# Given data

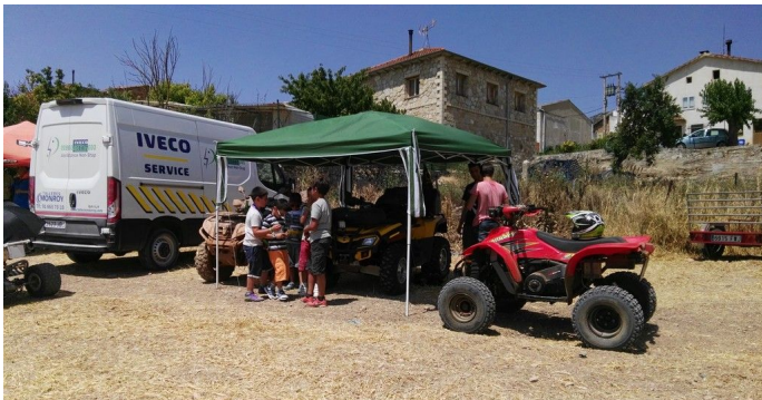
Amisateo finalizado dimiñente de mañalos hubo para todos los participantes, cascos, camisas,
...
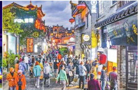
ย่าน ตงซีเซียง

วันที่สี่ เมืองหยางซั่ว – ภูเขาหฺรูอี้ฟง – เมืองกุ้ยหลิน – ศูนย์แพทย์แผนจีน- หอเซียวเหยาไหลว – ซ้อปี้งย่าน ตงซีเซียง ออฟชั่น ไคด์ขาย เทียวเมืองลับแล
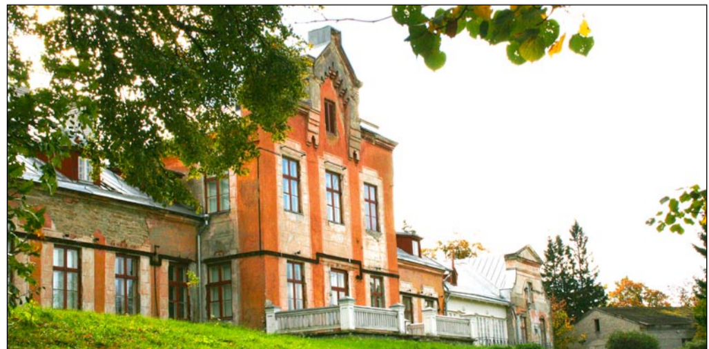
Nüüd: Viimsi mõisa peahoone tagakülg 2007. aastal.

# Work order
Everything from the line above that contains "วันที่สี่ เมืองหยางซั่ว –" down to the line that contains "Nüüd: Viimsi mõisa" must be reproduced exactly, both ends included. Omit the pictures.

# Result of this task
วันที่สี่ เมืองหยางซั่ว – ภูเขาหฺรูอี้ฟง – เมืองกุ้ยหลิน – ศูนย์แพทย์แผนจีน- หอเซียวเหยาไหลว – ซ้อปี้งย่าน ตงซีเซียง ออฟชั่น ไคด์ขาย เทียวเมืองลับแล
Nüüd: Viimsi mõisa peahoone tagakülg 2007. aastal.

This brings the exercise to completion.